Task to carry out: The material below holds pictures; leave them out and reproduce exactly the lines from the one with "Viti 2016 ka" through the one with "Leuchtende Kinderaugen und", inclusive.

Records supplied:

________________

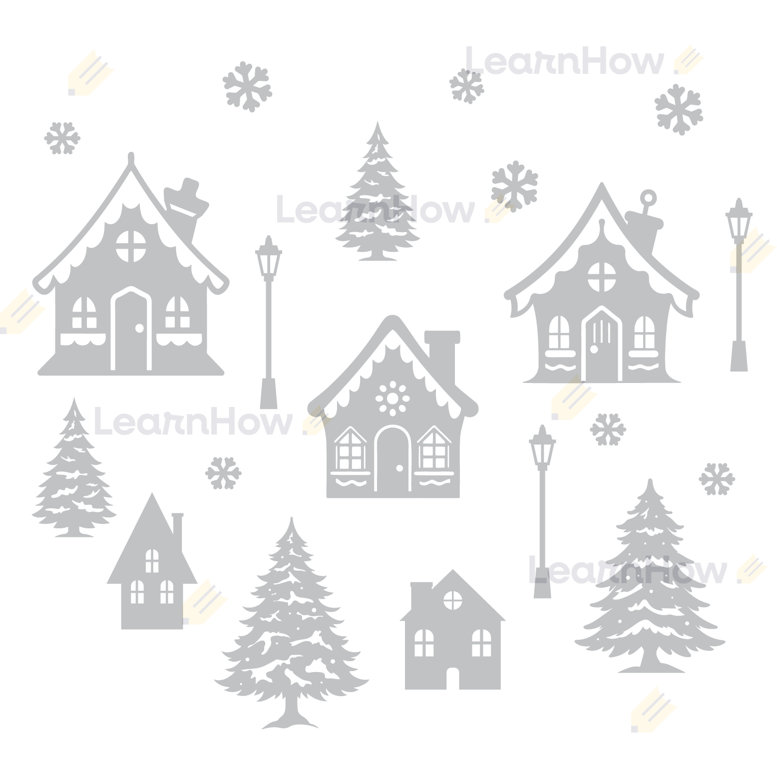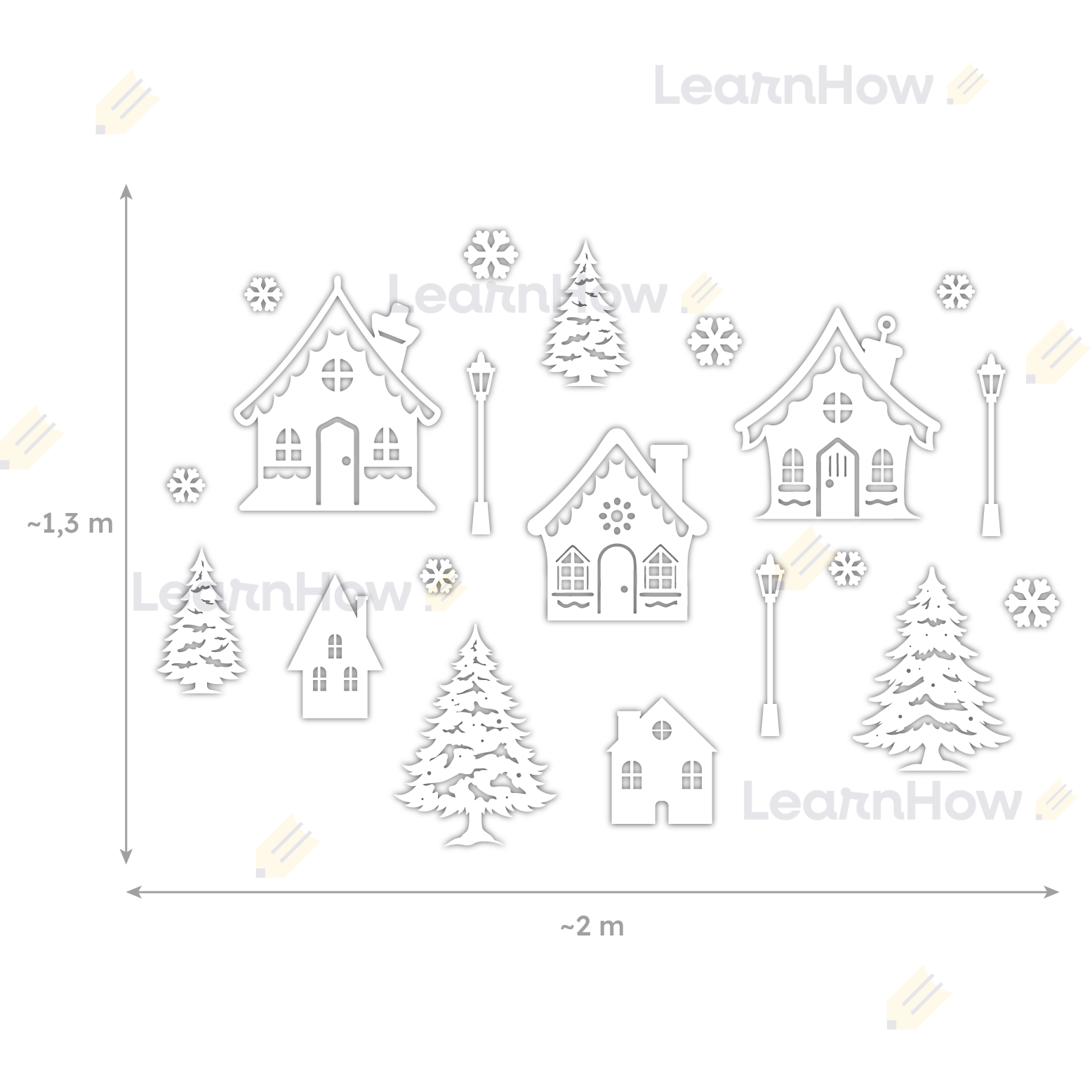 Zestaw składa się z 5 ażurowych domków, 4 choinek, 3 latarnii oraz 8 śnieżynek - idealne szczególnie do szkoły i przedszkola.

________________

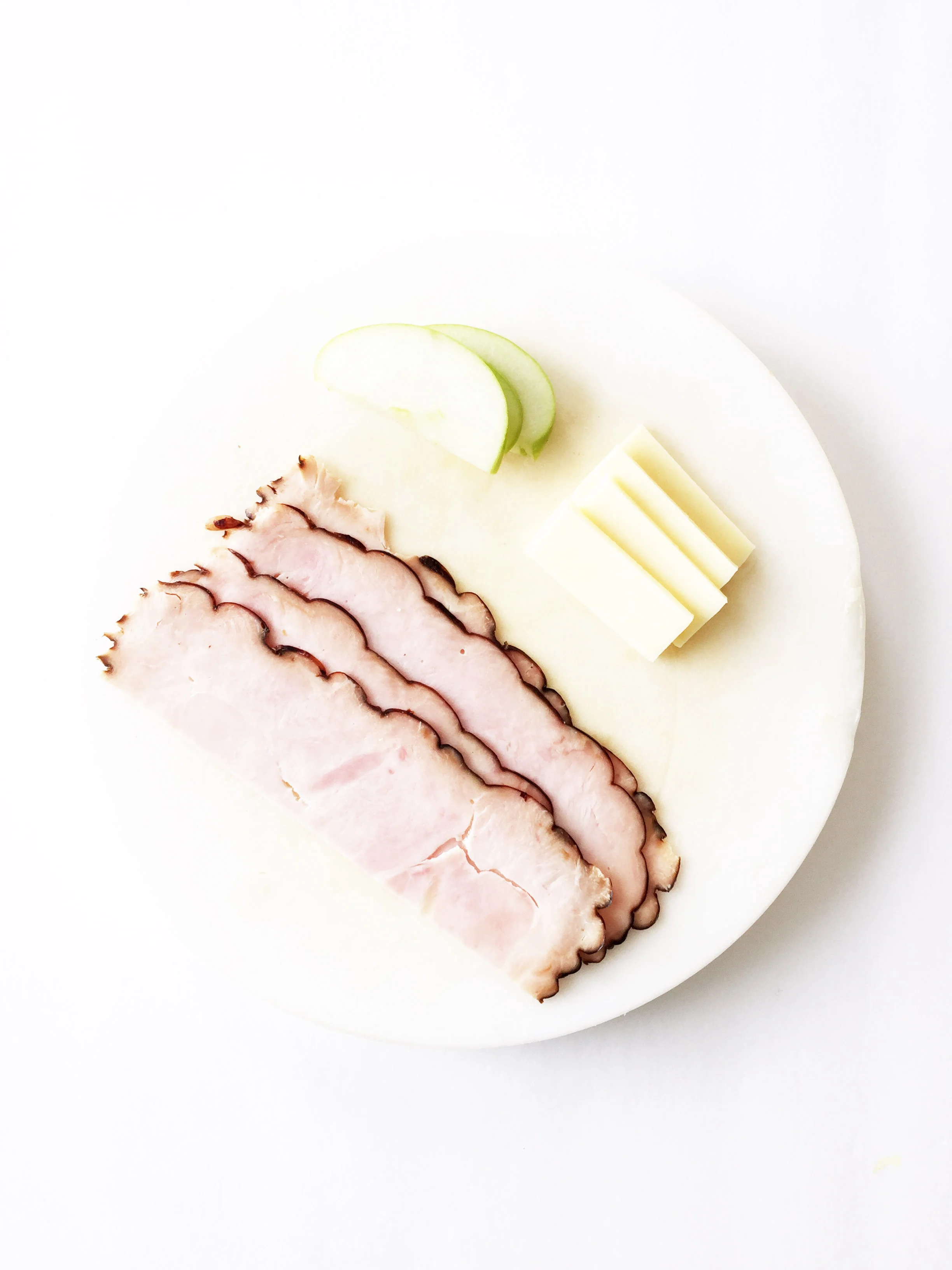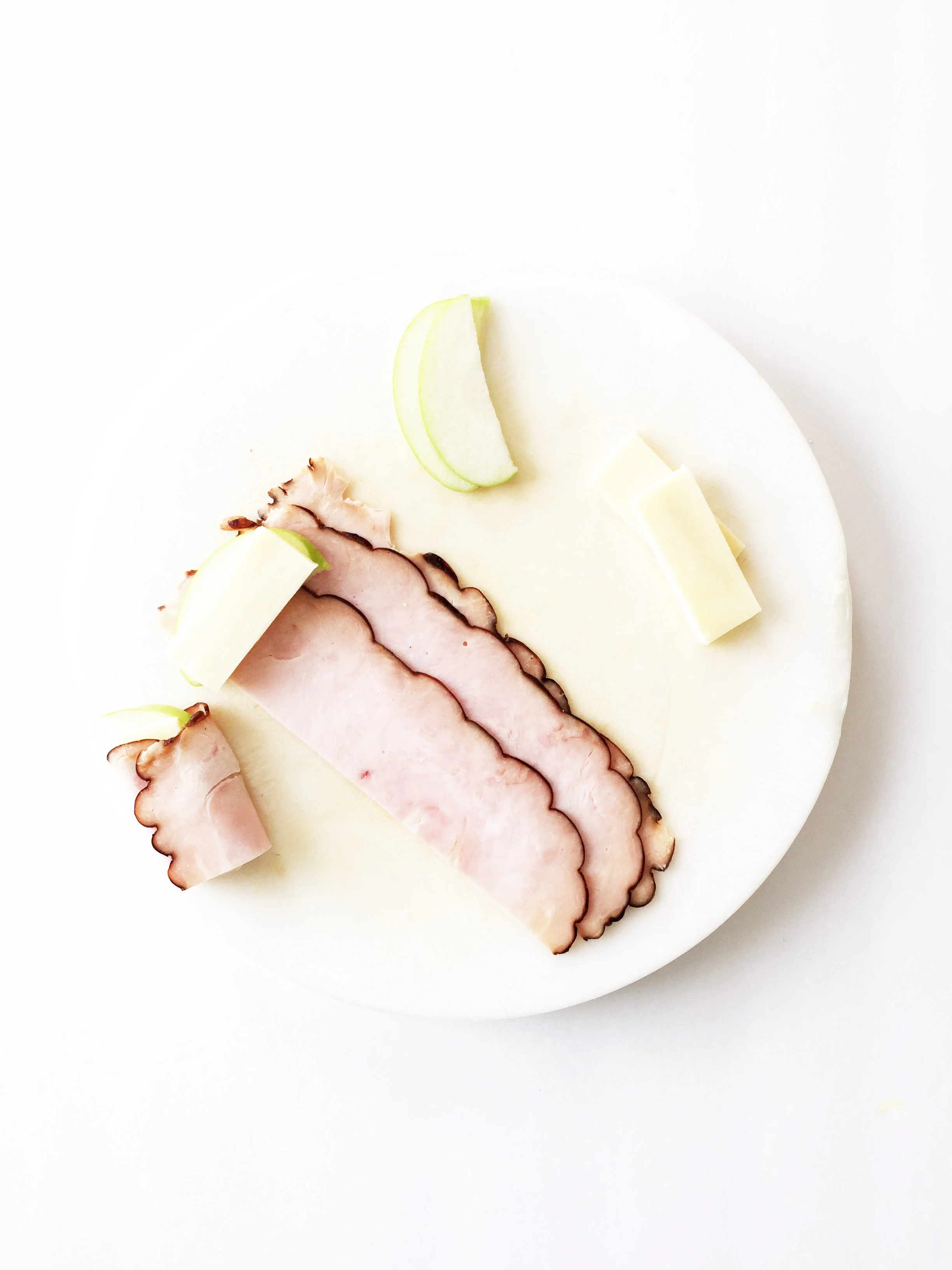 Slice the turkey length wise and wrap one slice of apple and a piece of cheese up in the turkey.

________________

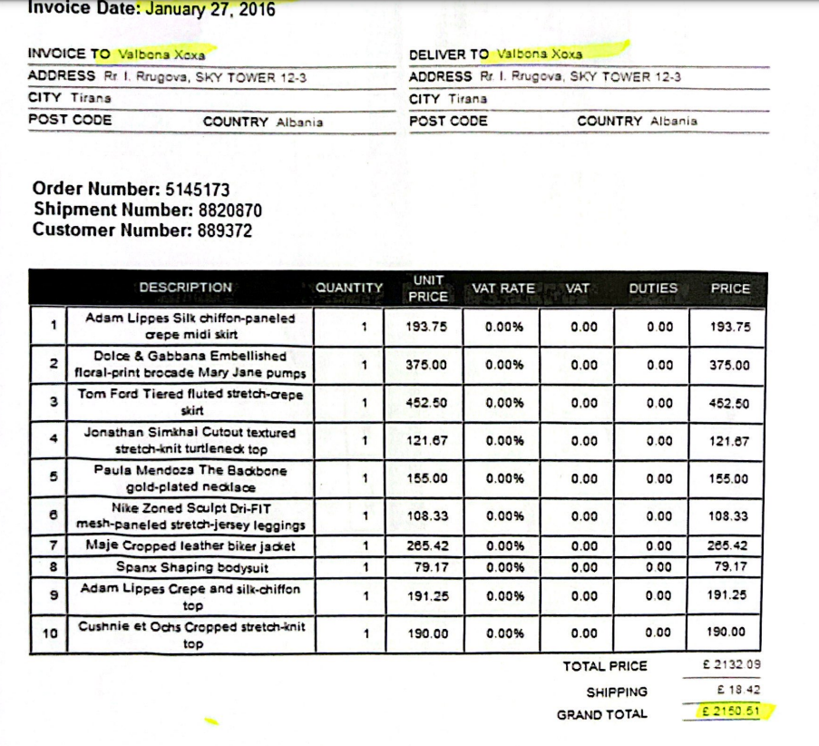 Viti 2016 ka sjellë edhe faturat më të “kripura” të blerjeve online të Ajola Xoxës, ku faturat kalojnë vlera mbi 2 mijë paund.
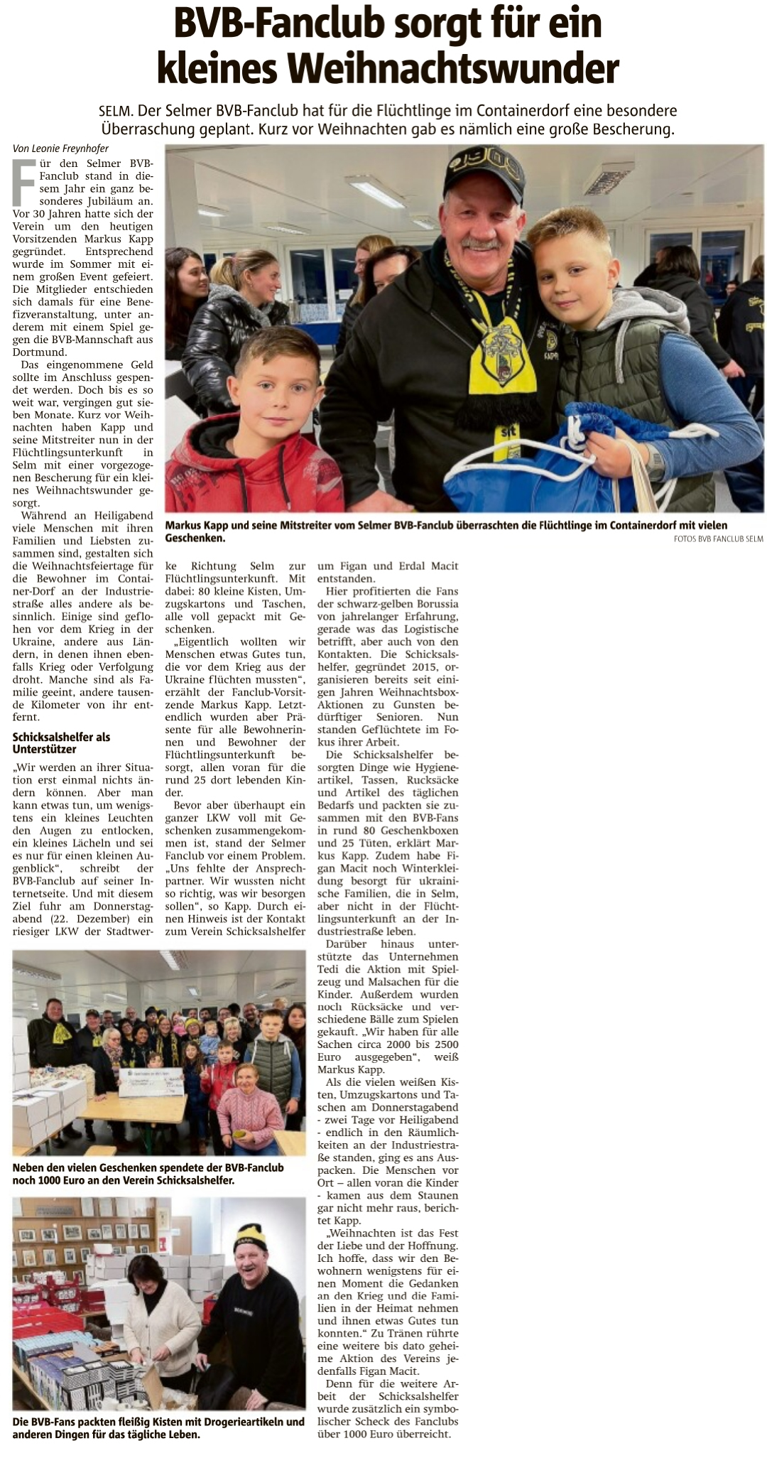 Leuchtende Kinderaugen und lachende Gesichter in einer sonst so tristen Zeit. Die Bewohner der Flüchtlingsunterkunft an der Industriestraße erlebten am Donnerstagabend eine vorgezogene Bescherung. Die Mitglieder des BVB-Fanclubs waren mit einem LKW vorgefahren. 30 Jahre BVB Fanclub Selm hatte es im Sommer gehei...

________________

Solved problem:
 Viti 2016 ka sjellë edhe faturat më të “kripura” të blerjeve online të Ajola Xoxës, ku faturat kalojnë vlera mbi 2 mijë paund.
 Leuchtende Kinderaugen und lachende Gesichter in einer sonst so tristen Zeit. Die Bewohner der Flüchtlingsunterkunft an der Industriestraße erlebten am Donnerstagabend eine vorgezogene Bescherung. Die Mitglieder des BVB-Fanclubs waren mit einem LKW vorgefahren. 30 Jahre BVB Fanclub Selm hatte es im Sommer gehei...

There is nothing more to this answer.